В Эфиопии насчитывается пять пород птиц, делающих убитых и раненых своей добычей (есть еще один вид летающих, о нем разговор особый). Есть черно-белый ворон, который летает низко над землей и находит раненого или труп по запаху. Есть сарыч обыкновенный, он тоже летает невысоко и ориентируется как обонянием, так и зрением. Есть красноголовый маленький сап, похожий на худого индюшонка; этот летает сравнительно высоко и высматривает добычу. Есть громадный, омерзительный гриф с лысой головой и голой шеей, который парит па высоте, почти недоступной глазу; завидев неподвижно лежащего человека, он падает вниз, словно снаряд в перьях, со свистом рассекающий воздух, и вразвалку-вприпрыжку осторожно подбирается по земле к человеку, готовый клевать и мертвую, и живую плоть — была бы только она беззащитна. И еще есть большой безобразный марабу; он парит еще выше, откуда уже ничего не видно. Он наблюдает за грифами и бросается вниз, когда вниз бросаются грифы. Основных пород пять, но не меньше пятисот могильщиков слетаются, сбегаются и сползаются на одного раненого, если он лежит на открытом месте.

Ладно, мертвому все равно, ему не важно, что случится с его телом, но что делать раненому? Я видел, как за двадцать минут от убитой зебры не осталось ничего, кроме костей. А за ночь гиены с шакалами растащили, разгрызли и сожрали кости, так что утром даже места, где лежала зебра, нельзя было найти. А с трупом человека расправляются гораздо быстрее — он меньше и не защищен толстой шкурой. В Африке можно не хоронить мертвецов без риска нарушить санитарные нормы. Но главное, о чем дуче следует умалчивать перед своими солдатами, — это не опасность угодить после смерти в желудок стервятника, а то, что стервятники делают с ранеными. Каждый итальянский солдат должен усвоить одно правило: если ты ранен и не можешь подняться па ноги, то хотя бы перевернись лицом вниз. Я знаю одного солдата, которому это правило своевременно не преподали. Когда он, раненый, лежал без сознания, стервятники принялись выклевывать ему глаза. Режущая, слепящая боль заставила его очнуться, что-то вонючее в перьях возилось над ним; отбиваясь, он перекатился на живот и тем спас второй глаз. Тогда птицы стали клевать его сквозь одежду в спину и добрались бы до почек, печени или сердца, но подоспели санитары с носилками и отогнали их. Если вам когда-нибудь вздумается проверить, сколько времени нужно стервятникам, чтобы напасть на тело человека, ложитесь под деревом, замрите и наблюдайте; сперва они станут кружить на такой высоте, что покажутся черными пятнышками, потом начнут снижаться, описывая концентрические круги, и, наконец, ринутся на вас смертоносным шелестящим кольцом. Тогда сразу вставайте, и кольцо разлетится, хлопая крыльями. Но что будет, если вы не сможете встать?

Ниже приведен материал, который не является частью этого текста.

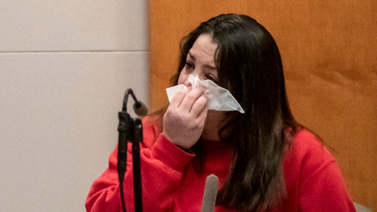 Kayla Montgomery testified that her stepdaughter, Harmony Montgomery, whose body has not been found, died Dec. 7, 2019, in a car the family was living in after getting evicted. It was the third day of Adam Montgomery’s murder trial in Manchester, which he hasn’t been attending.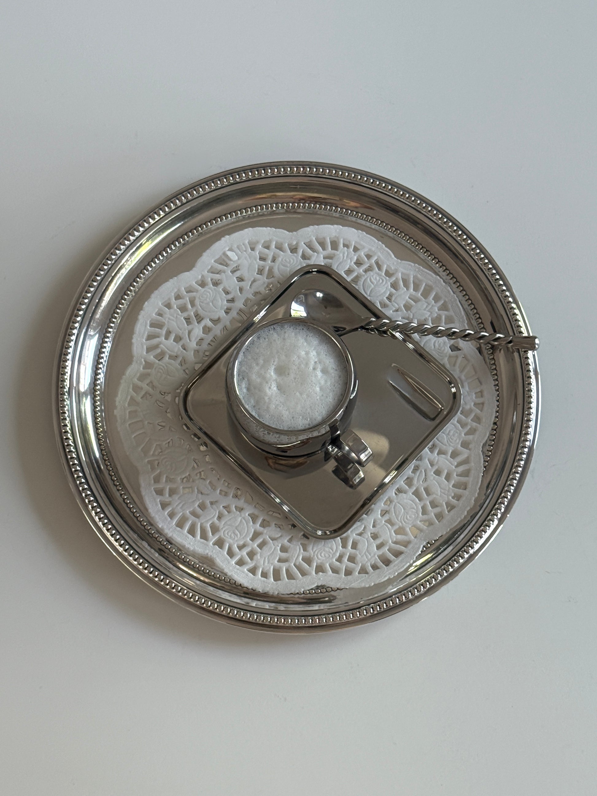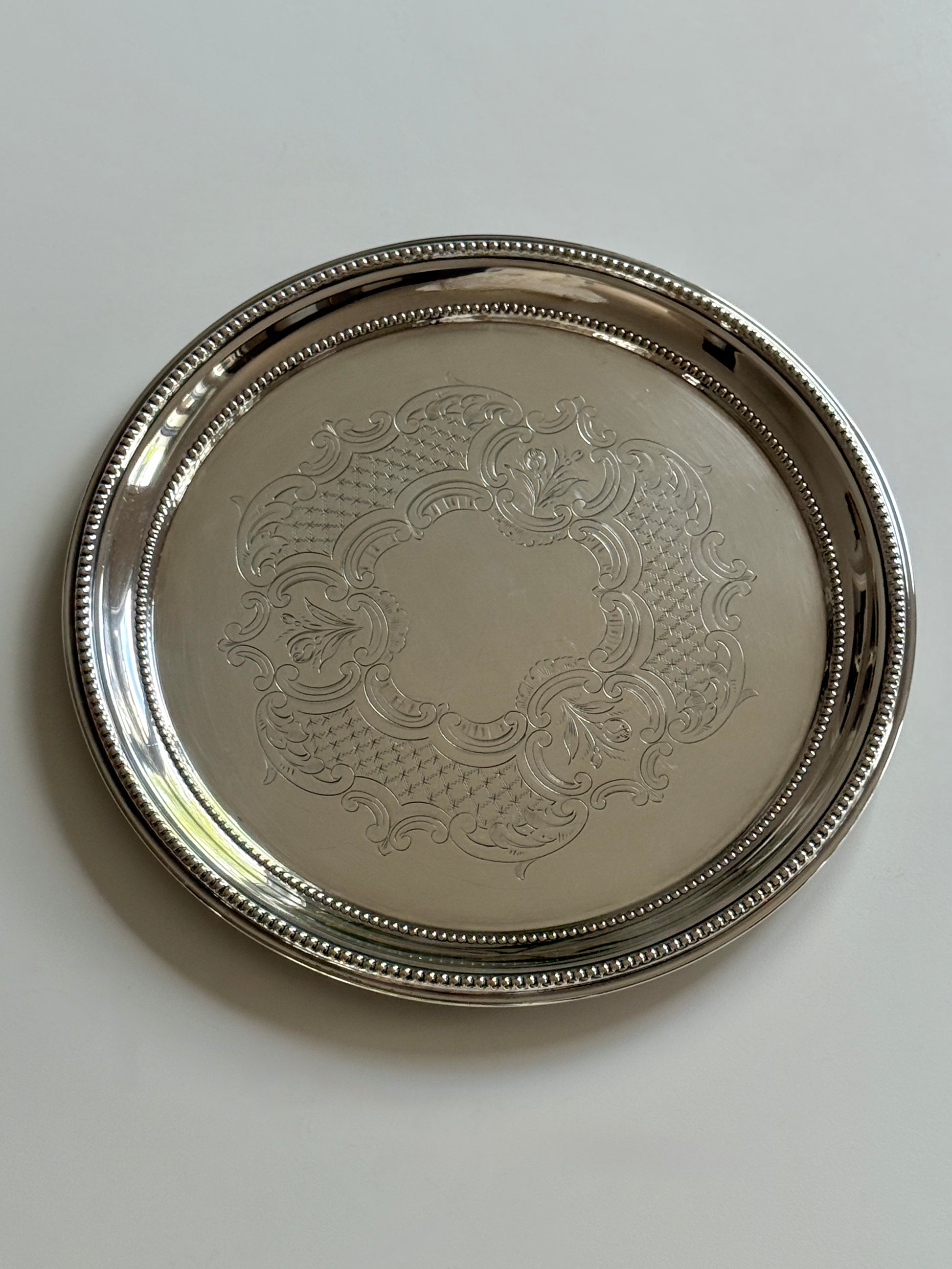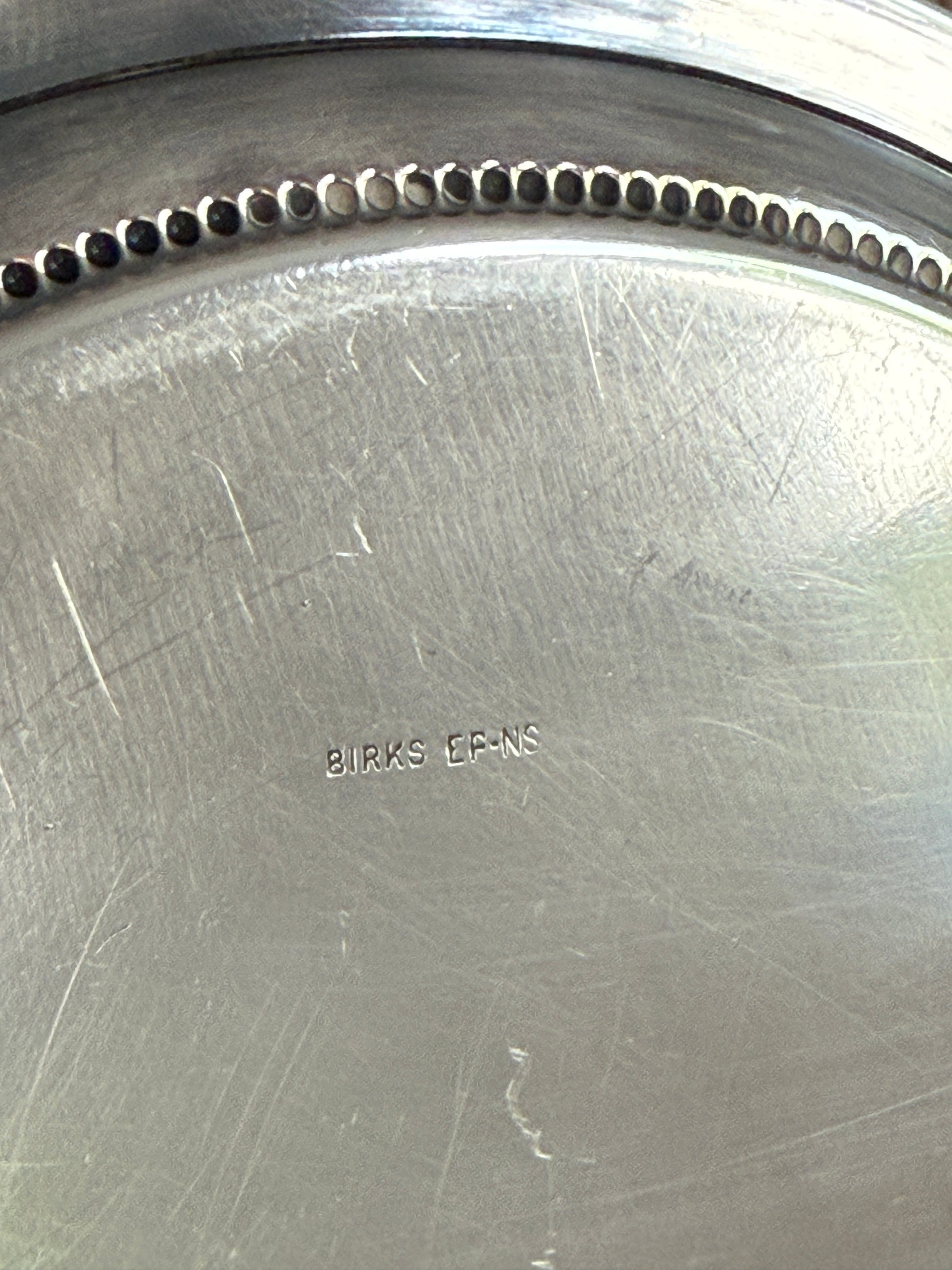 Timeless and refined, this round silver-plated tray by BIRKS features a sleek silhouette and polished finish—perfect for serving, styling, or adding a touch of classic elegance to any setting.

Но птицы — еще не все. В запасе у эфиопов есть еще кое-что, самое страшное, о чем Муссолини молчит, потому что не знает, что происходит в Африке ночью и с какими силами он связался. Особый разговор о шестой птичке. О ней мало кто знает по обе стороны океана, но каждый что-то слышал. Она похожа на летучую мышь с мордой французского бульдога. Дело привычки — мне, например, нравится морда бульдога, она похожа на лицо Черчилля. Это не птица, а зверь. Есть несколько разновидностей, но нас интересует один вид. Есть одомашненная и дикая разновидность. Этот летучий бульдог не ест мертвечину, а пьет горячую кровь. Непосредственно нападая, он метит в горло, но куда опаснее смерти нападение другого рода — отравленный выстрел купидона. Синяк с долларовую монету. Начинает чесаться причинное место, но удовольствие продолжается совсем недолго. Потенция увеличивается раза в два и продолжает расти. Нежная кожа лингама разрывается, из тела человека начинает медленно и мучительно вырастать багровый обнаженный ствол. Он питается соками организма и причиняет ужасные страдания. Человеческое тело становится почвой и пищей для этого греховного кровоточащего древа. Это расплата. Человек истощается, но не умирает — он отдает этому древу все: мышечную массу, кровь, мозг, легкие — и превращается в многолетнее растение. Таких мыслящих растений в Офире — дремучие леса. Самое страшное в Африке — летучий бульдог.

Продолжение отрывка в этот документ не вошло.